I do not disagree with that statement in general terms. In this case, though, I don’t think “grow or perish” applies. From what I have read here and elsewhere, STG are casting off too many products, distribution deals, and retail outlets that were sufficiently profitable for Mac Baren/Sutliff to keep them before the STG takeover.
I am sure STG will, as they have already begun to do, bandy about all kinds of business consultant buzzwords to convince us this for our good: rationalize production, find efficiencies, and streamline customer interface/experience…
The only customer they likely truly care about pleasing is the shareholder. Mac Baren was privately owned. I do not see it as merely coincidental that most of us like them better than the publicly-traded STG.
I'm not sure that privately owned VS publicly traded is the crux of the problem here. The family didn't want to keep the business, which is why it was sold. That it was sold to a passionless robot of a corporation is another matter.
Regardless, I hate to see pipe smokers' options further thinned, despite my not being a big fan of Mac Baren, or STG, though I did in the past stock some products that were excellent, like Doblone d'Oro. If my recent purchase is any kind of indicator, in the six ensuing years since my last order, their quality has fallen off a cliff. Not entirely surprising in the case of St Bruno...
Denmark has always been the place where British blends go to die...

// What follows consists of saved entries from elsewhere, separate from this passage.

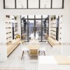 Để tiết kiệm cho không gian và lối đi lại, KTS Hà Mạnh Khánh đã bố trí hệ tủ kệ trưng bày sát tường và tủ gương sát tường ở hai bên của cửa hàng. Loại tủ kệ sát tường được lựa chọn là loại tủ được làm từ gỗ MDF phủ melamine và được chia thành nhiều tầng trưng bày sản phẩm vô cùng tiện ích và hiện đại. Còn loại tủ kết hợp gương được bố trí 2 bên nhà kẹp chính giữa hệ tủ trưng bày sát tường. Tủ này cũng được làm từ gỗ MDF phủ melamine 17mm, có gương dày 5ly, mài xiết cạnh. Để tăng thêm tính thẩm mỹ, kệ và tủ được lắp đặt với kích thước và kiểu dáng khác nhau.
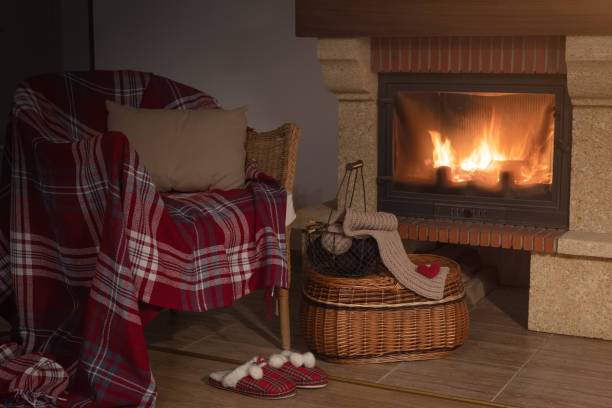 Burning fireplace and rattan armchair with red wool plaid, cozy sleepers with pompons and basket with knitting stuff, quiet hobby holiday concept
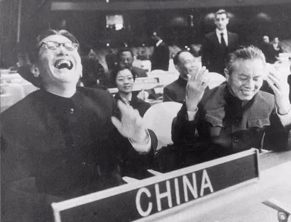 1971年,中華人民共和國恢復在聯合國的一切合法權利。圖為時任外交部副部長喬冠華和首任中華人民共和國常駐聯合國代表黃華。
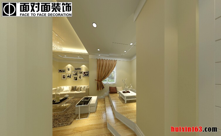 在客厅里面可以同时到空间的开敞和布局的清晰,通过在不同的区域上设计不同的顶面,以及在室内设计粗大的罗马柱,让室内的整体空间层次感非常的好。在地面上铺设原木色的实木地板,在靠近窗子的位置设计一个小的地台,地台上面摆放一个喷白的树枝,关于自然的元素让空间升腾起几分清新的田园气息。
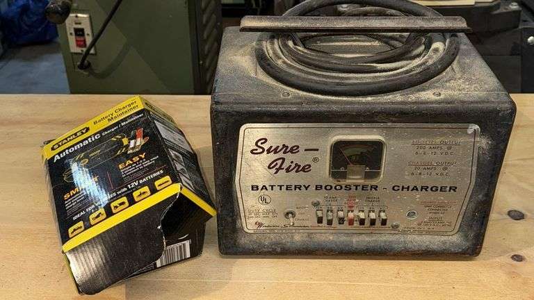 Sure-Fire Battery Booster Charger, 200 Amps Boost, 6-12V Compatibility, automatic charger and maintainer, UL listed, suitable for 12V batteries, includes battery clips.
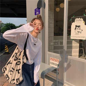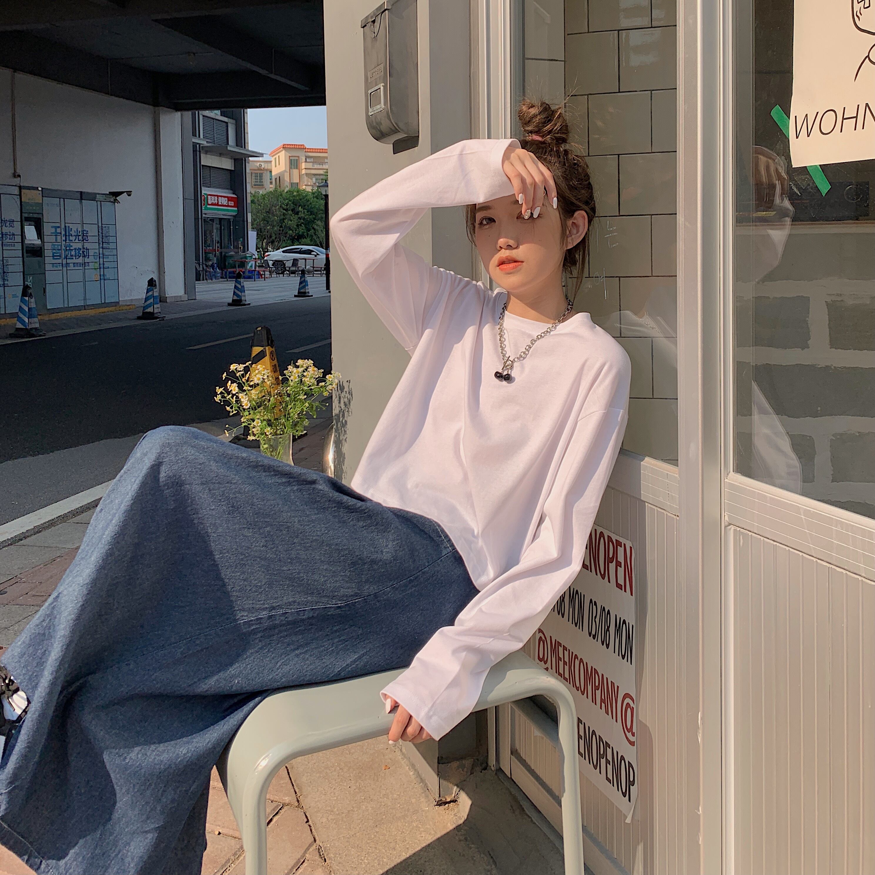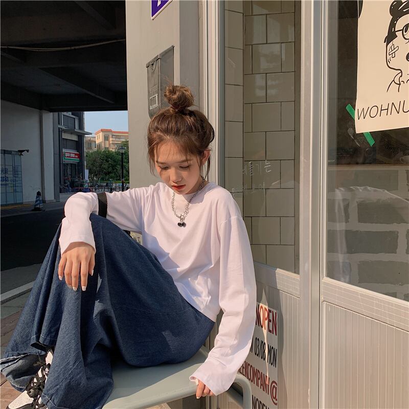 ホワイトTシャツ シャツ オータム薄手ルーズショートプルオーバー トップス ロング 秋物 クレセントシティ38545047382
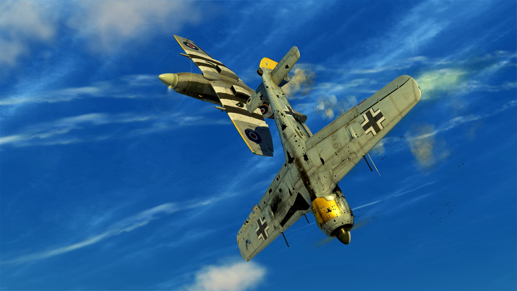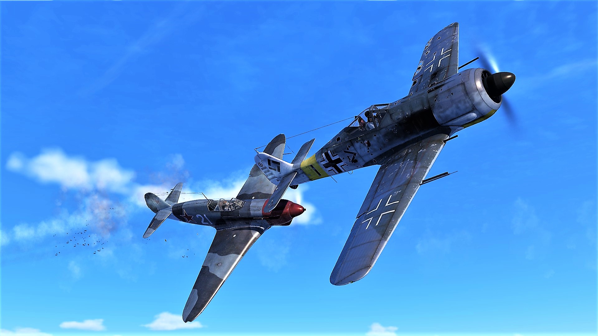 oc2209 Posted May 13, 2021 Posted May 13, 2021 This one looks like I was trying to do a trick shot; but really, it was just more convenient to fire without rolling upright. I fired briefly at the top of my loop, and kept on with the loop. It also prevented me from being an easy target to his wingmen. A 109 rolling at near stall speed would take about fifteen minutes. 30mm overkill on the P-38's glass tail. Hi-alt high jinks. The first place I decided to stop social distancing: the enemy's tail. 3
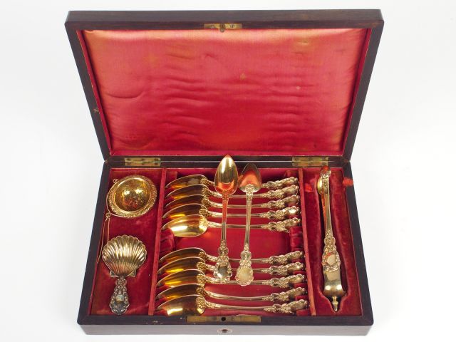 Nécessaire à thé Napoléon III en vermeil, poinçon Minerve, comprenant douze cuillères, pince à sucre, passette et cuillère à thé. Poids : 238 g. Dans son écrin en marquetterie.
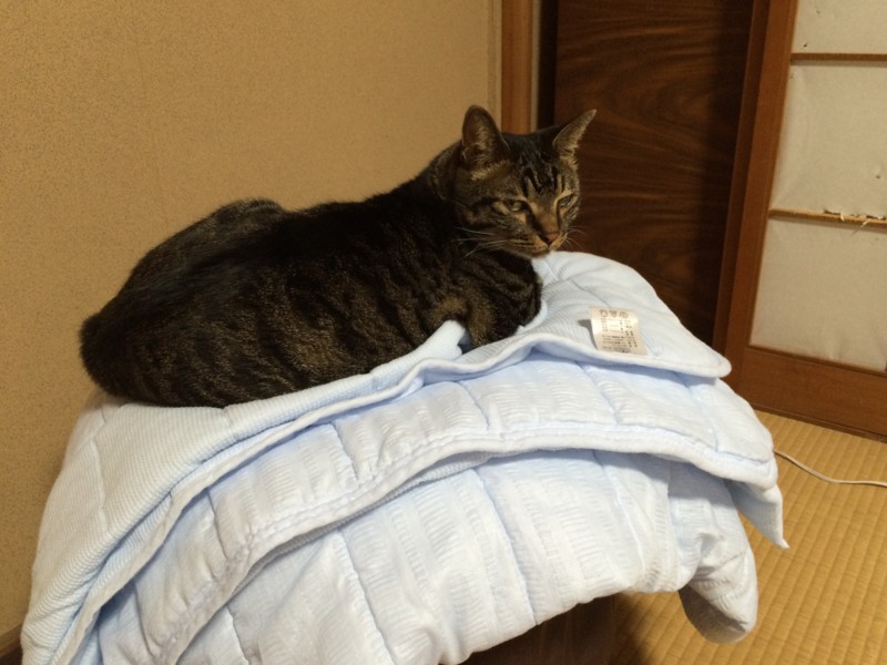 さっきまで朝から…と言うより夜からずっと本箱の上で寝ていた猫。しばらく前にようやく起きて人の膝に乗ったりしていたかと思えば、今は姿が見えず。どこ行ったのかと探すと、さっきまで私がエアコンつけて休んでいた寝室に行ってた。エアコンつけたまま来たからな。
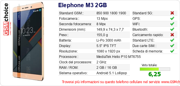 Dati del telefono cellulare Elephone M3 2GB sul tuo sito
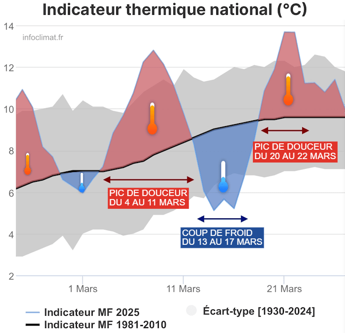 Indicateur thermique national au cours du mois de mars 2025 - infoclimat.fr

Their Viking heritage aside, Danish blenders treat British blends like they're virginal spinsters, producing balless, hairless, lobotimized versions.
STG won't make any of it any better.
For me, Sutliff is the far greater loss. Carl McAllister's excellent series of match blends were an excellent value and pretty damned good. Sutliff's aged red Virginia releases were excellent. A lot of other blenders rely on their inventory. Compared to the potential of STG's mediocre maw swallowing up Sutliff, Mac Baren feels like a blip.
You're correct in surmising that the only official beneficiary, and not much of one at that, are the shareholders. The biggest beneficiaries are "C" suite.
It's a done deal.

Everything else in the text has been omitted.